For someone who holds a bearish view of the economy, it makes no sense. With the amount of fiscal tightening and the spent wealth effect (S&P up 30% last year), I see very little catalyst to drive a consensus view of a strengthening economy for the rest of 2014. It doesn't help that tapering is happening. But the main thing is tightening fiscal policy. In 2013, you got rid of the payroll tax cut and Bush tax cuts for the rich, along with adding Obamacare taxes. Plus, mortgage rates are higher over the past year which is crimping housing. A booming stock market in 2013 masked those fiscal tightening effects. But now the stock market is flattening, and it can't go up 30% a year forever. Without another big up S&P year, the bare economy will be revealed. I didn't even bother mentioning the secular demographic headwind where the age 25-54 population is not growing in the US.
Do you think Janet Yellen is going to raise rates with GDP growth at 1%, a stalling stock market, and inflation at 1.3%? There is no way that is happening. The Street is jumping the gun again, eager to see normal Fed policy. If it took them this long after the stock market went from 1420 to 1870 in 16 months to just reduce bond purchases by half, there is no way they will raise rates when the S&P stalls out from the overvaluation and lack of QE.

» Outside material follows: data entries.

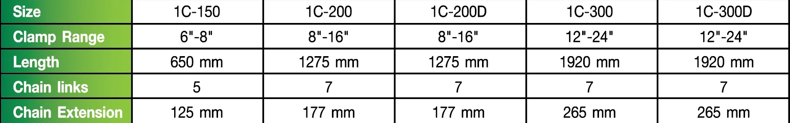 For centering and clamping of long pipes without restriction in length. Also for curved tubes, flanges, T-shaped parts etc. to pipes and tanks. Five different models available. Choice between galvanised steel or stainless steel. Great variability by simply taken-off or adding chain-links. For a ready-of-work centering chain is needed: 1 standard chain, 1 tensioner and may be additional chain-links.
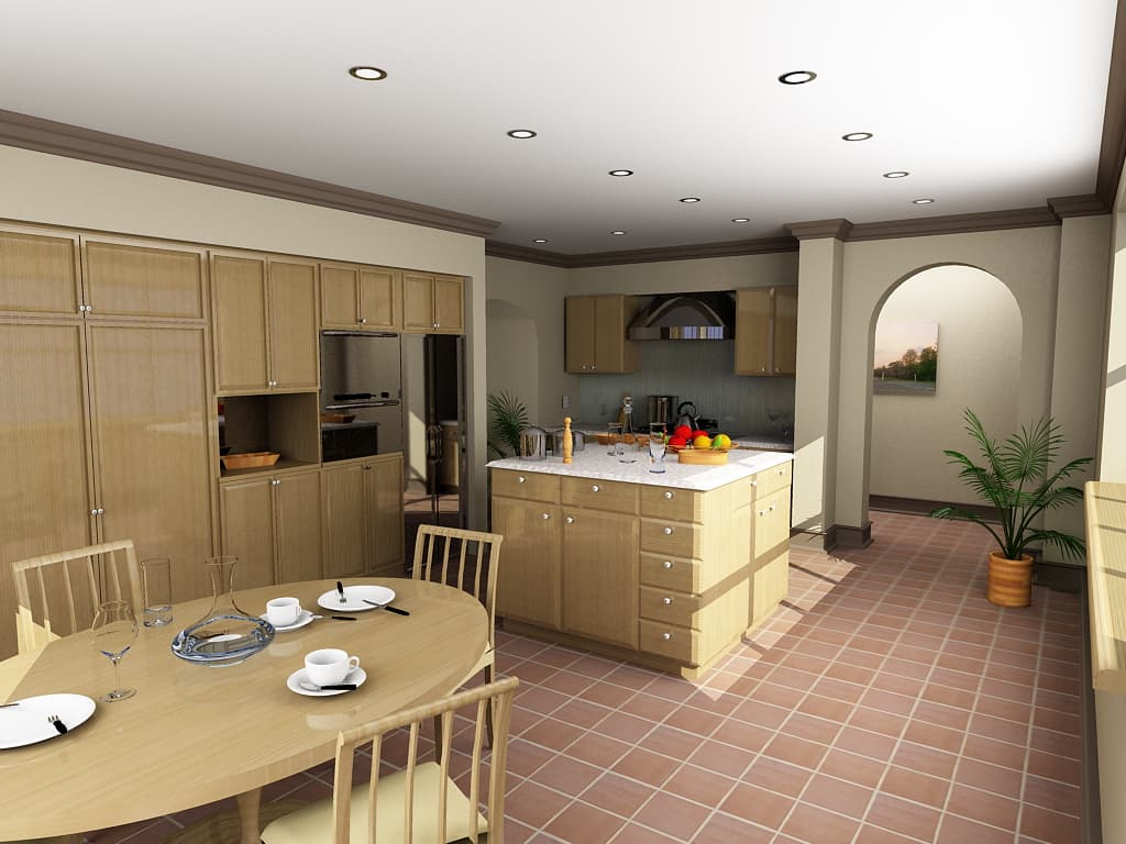 Следует также придерживаться принципа соответствия размеров объектов сцены размерам реальных объектов. Необходимость этого обязательного требования продиктована использованием закона затухания интенсивности освещения с расстоянием в любой современной рендер-программе, рассчитывающей Global Illumination.
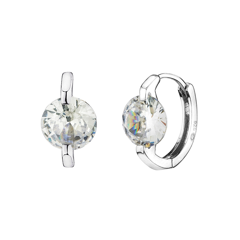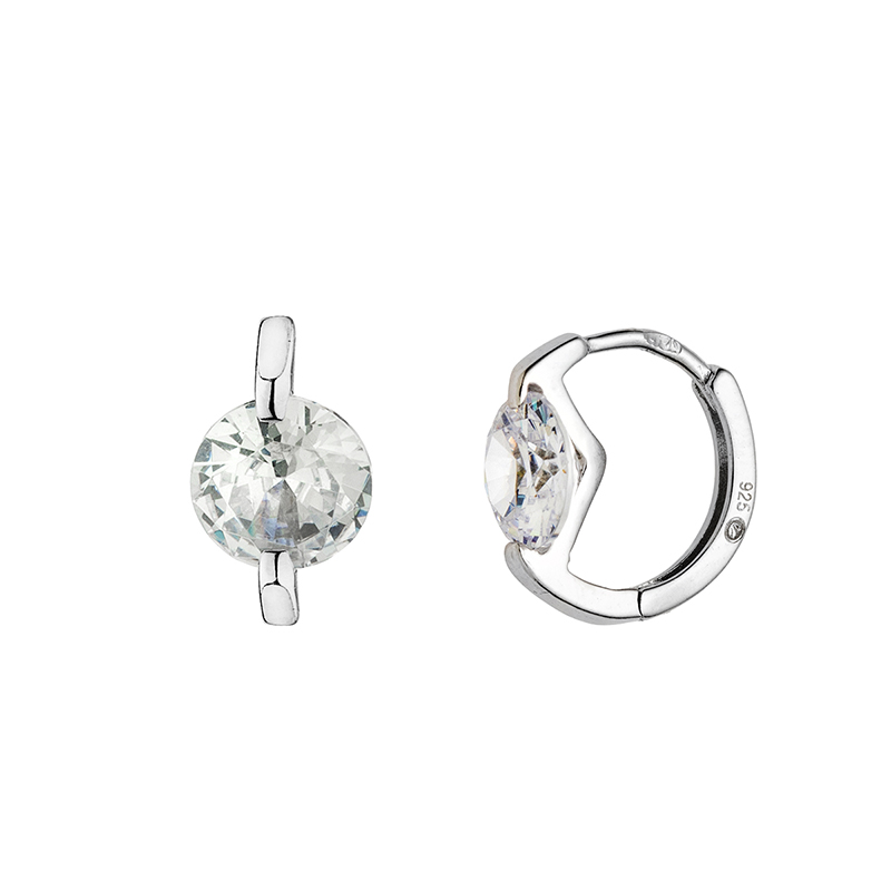 Тези обеци са изработени от сребро проба 925 с родиево покритие. Дизайнът залага на класическа изчистена форма, подчертана от интензивен блясък и прецизен фокус върху централния камък.
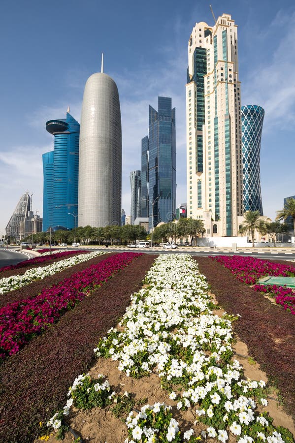 Panoramic View with Modern Skyscrapers in the Centre of Doha Stock
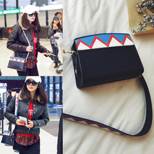 刘雯同款撞色印花包包女2017新款潮链条小方包欧美时尚单肩斜挎包
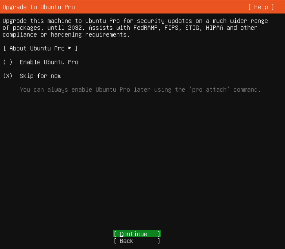 Bước 18: Chọn Skip for now nếu bạn không có nhu cầu nâng lên bản trả phí (Pro) của Ubuntu > Continue
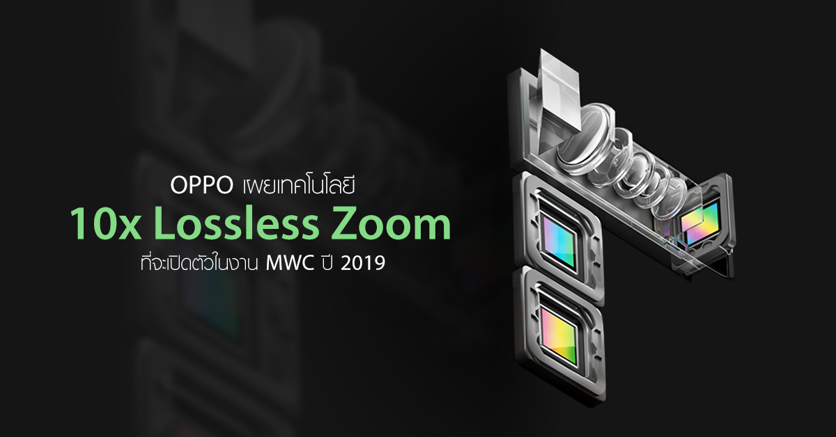 16 มากราคม 2019, เมืองปักกิ่ง, สาธารณรัฐประชาชนจีน – OPPO จัดการประชุมการสื่อสารทางเทคโนโลยีในอนาคตปี 2019 ซึ่งเผยถึงเทคโนโลยี 10x lossless zoom ที่กำลีงจะมาถึง ได้แถลงในการประชุมว่า เทคโนโลยี 10x lossless zoom นั้นเป็นไปตามมาตรฐานการค้าและพร้อมสำหรับการผลิตจำนวนมาก OPPO จะเปิดเผยถึงการพัฒนาเทคโนโลยีอันยิ่งใหญ่นี้ที่งาน MWC ปี 2019 ที่บาร์เซโลนา

The flattener is the latest en vogue trade on the fixed income desks, and it is emboldened by the outperformance of the long bond in Q1. The curve cannot flatten much more. I expect the belly of the curve, the 5-7 yr bonds to outperform the rest of the curve as the Street reprices the probability of higher rates, to lower odds.
As for stocks, the range trade continues. The market looks tired, but remember, its still a bull market and stock buybacks and M&A are still pumping along.